These fires were intentionally set and are indeed the fulfillment of Bolsonaro’s campaign promises (that they followed recent legal victories for indigenous Indians regarding the use of their own land isn’t a coincidence either). As Brum notes, “Bolsonarism’s number one power project is to turn public lands that serve everyone – because they guarantee the preservation of natural biomes, the life of native peoples and regulate the climate – into private lands that profit a few.” Such burning is not a repudiation of the ethos of a Raleigh, but rather the final fulfillment of that exploitive colonial nightmare. Bolsonaro might be speaking with his characteristic mocking vitriol when he said “I used to be called Captain Chainsaw. Now I am Nero, setting the Amazon aflame,” but there is still a malignant truth in what he’s saying. Brum writes that “Bolsonaro is not just a threat to the Amazon. He is a threat to the planet, precisely because he is a threat to the Amazon.” With the rainforest’s central role in regulating the oxygen of the planet, and thus the climate of the planet, Bolsonaro’s polices in the Amazon and his inaction in the face of the fires could have catastrophic implications, especially at this ecological hinge moment in history. As superficially different as fire may be from genocide and ethnic cleansing, the collapse and deaths that could result over the long-term from Bolsonaro’s Amazon policy could ultimately end up ranking him alongside history’s worst monsters. 
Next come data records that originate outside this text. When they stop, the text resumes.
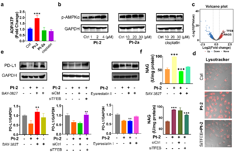 图2. 铂(II)-二甲双胍偶联物Pt-2通过AMPK-TFEB途径抑制PD-L1表达和促进溶酶体依赖性PD-L1降解
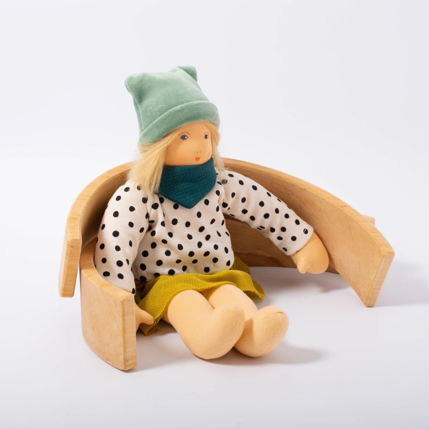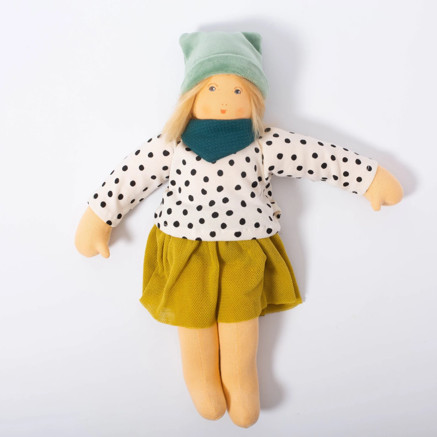 Lovingly hand-made by a small team in Germany, each doll’s face is painted with a unique, sweet but simple expression, encouraging a child’s imagination and creative play. The hair, made from high quality mohair, is soft and silky and easy to style, and can be brushed! Includes beautiful mesh skirt spotty jersey, scarf and hat. All clothing can be removed.
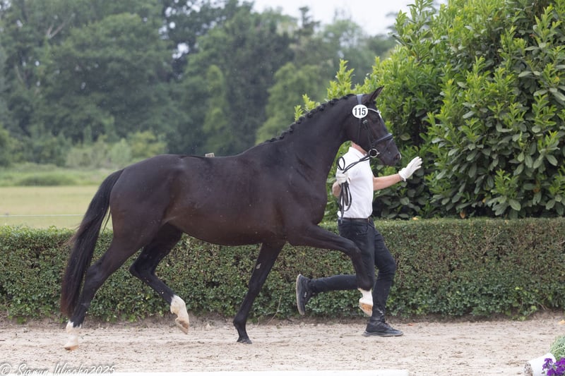 In besonders vornehmer Aufmachung erscheint die charismatische Donaudiva. Sie bewegt sich federleicht, taktbeflissen und dynamisch und vermittelt eine vortreffliche Referenz ihrer unter Dressuraspekten exklusiven Genetik, denn in den ersten drei Generationen verbinden sich sechs in Grand Prix- und S-Dressurkonkurrenzen erfolgreiche Vererber. Die Mutter ist eine rechte Schwester der ZSE-Reservesiegerin Donauflamme, zweifache Trakehner Reitpferdechampionesse, Finalistin im Bundeschampionat und Preisspitze der Reitpferdeauktion des Trakehner Hengstmarkts. (NMS ‘12/49) Eng verwandt mit dem vielfachen S-Dressursieger Donaudichter. Die Stute wird anlässlich des Trakehner Hengstmarktes am 28.112025 bei einer Auktion versteigert, alle Informationen finden Sie unter: https://bid.trakehner.auction/auctions
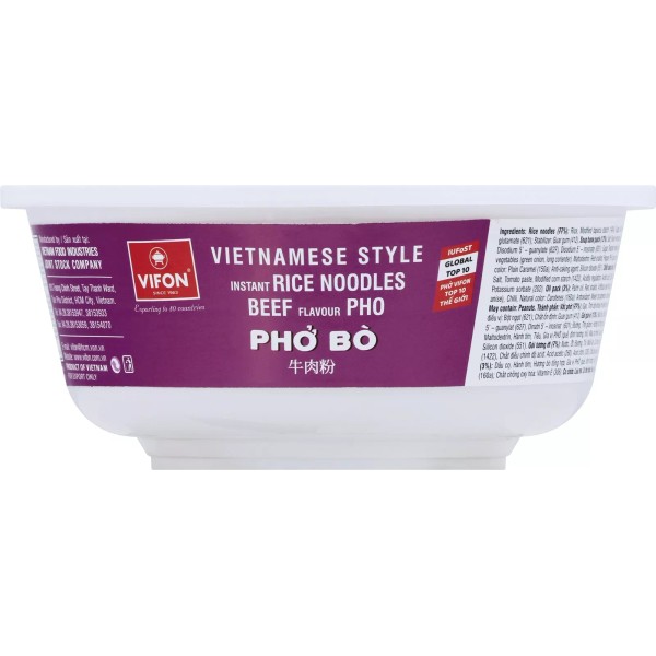 Enjoy the authentic flavors of Vietnam with Vifon Pho Rice Noodle Soup Bowl Beef Flavor. Each pack contains 12 bowls, each filled with 2.4 ounces of savory beef-flavored rice noodle soup. Made with quality ingredients and traditional spices, this convenient bowl offers a delicious and satisfying meal that's ready in minutes.
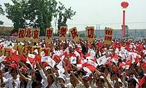 圖文:西安萬名學(xué)子世紀(jì)老人共祝北京申奧成功 2001年6月6日 09:34 ![]() 6月5日上午,民辦高校西安翻譯學(xué)院二萬二千多名學(xué)生舉行規(guī)模盛大的歌舞表演,與“北京——莫斯科申奧萬里行”車隊(duì)一起聯(lián)歡,共同為北京申奧吶喊助威。魏孝明 攝 ![]() 西安“世紀(jì)老人”王耀東是中國百年體育發(fā)展史的參與者和見證人。6月5日下午,鳳凰衛(wèi)視和“萬里行”隨行記者在家里采訪了王老。他向記者們講述了當(dāng)年參加遠(yuǎn)東運(yùn)動(dòng)會(huì)的情況,并表示盼望奧運(yùn)會(huì)能早日在中國舉辦。魏孝明 攝
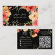 Complete your professional brand with this beautiful bold Makeup & Hair Stylist business card. The front features a vibrant hand painted bold watercolor floral design in rich reds, oranges, and greens, creating a warm and inviting look on black. Gold foil confetti accents add a touch of luxury and sophistication. The back showcases your contact details and a scannable QR code for easy access to your portfolio and price list, add your logo and social media.
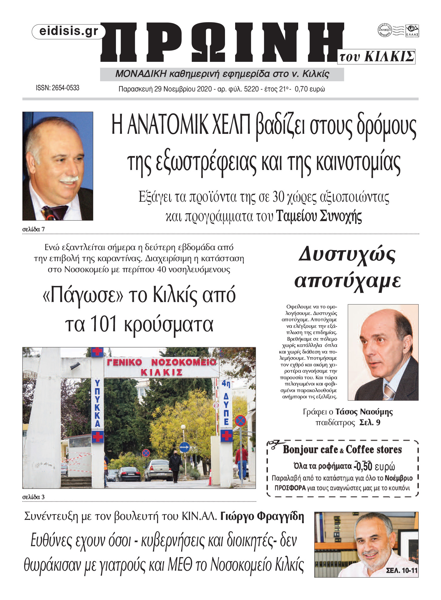 Διαβάστε το νέο πρωτοσέλιδο της Πρωινής του Κιλκίς, μοναδικής καθημερινής εφημερίδας του ν. Κιλκίς (20-11-2020)
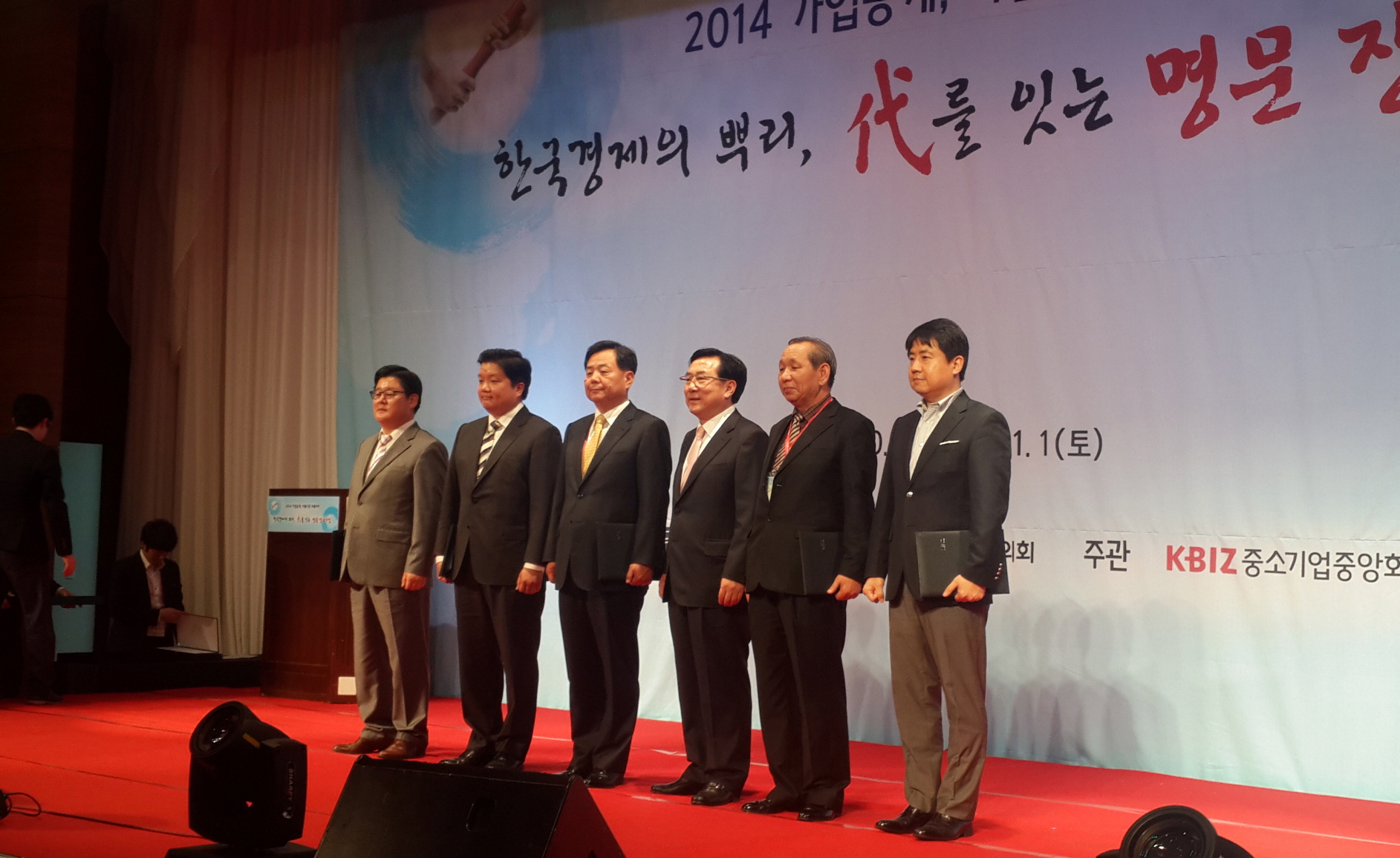 ¸í¹® Àå¼ö±â¾÷ Áß¼Ò±â¾÷Áß¾ÓȸÀå»óÀ» ¼ö»óÇß½À´Ï´Ù. ±×¸®°í ±× ¼ö»ó½ÄÀ» À§ÇØ 2014³â 10¿ù 31ÀÏ Áß¼Ò±â¾÷û°ú Çѱ¹°¡¾÷½Â°è±â¾÷ÇùÀÇȸ, Çѱ¹°æÁ¦½Å¹®ÀÌ °øµ¿ ÁÖÃÖÇÑ ¡®2014 °¡¾÷½Â°è, ¾Æ¸§´Ù¿î ¹ÙÅëÅÍÄ¡¡¯ Çà»ç°¡ ¿©¼ö½Ã µð¿À¼ÇÈ£ÅÚ¿¡¼ ¿·È½À´Ï´Ù.

Bolsonaro is a dangerous part of the same trend towards authoritarianism and illiberalism that is exemplified in politicians from Vladimir Putin and Matteo Salvini, to Viktor Orban and Donald Trump. Such authoritarianism is in some sense baked into the worst parts of the Western project, and Bolsonaro’s privatization schemes for the Amazon, which Meyer’s reminds us is a “store of carbon… fundamental to the survival of every person,” is a continuation of the colonialism which started a half-millennia ago. Brum writes that for “500 years, this has been a place of ruins. First with the European invasion, which brought a particularly destructive form of civilization… More recently, with the clearance of vast swaths of forest and all life within it.” It’s worth noting that one ideological current which connects colonialism five centuries ago with unfettered capitalism today is the deployment of a particularly gendered language. When Raleigh espied Guyana he spoke of it as not just paradise, but specifically as a woman. Land which had been home to indigenous people for millennia, and a profound diversity of life for millions of years, was now understood as a “country that hath yet her maidenhead, never sacked, turned, nor wrought; the face of the earth hath not been torn… never conquered or possessed.”   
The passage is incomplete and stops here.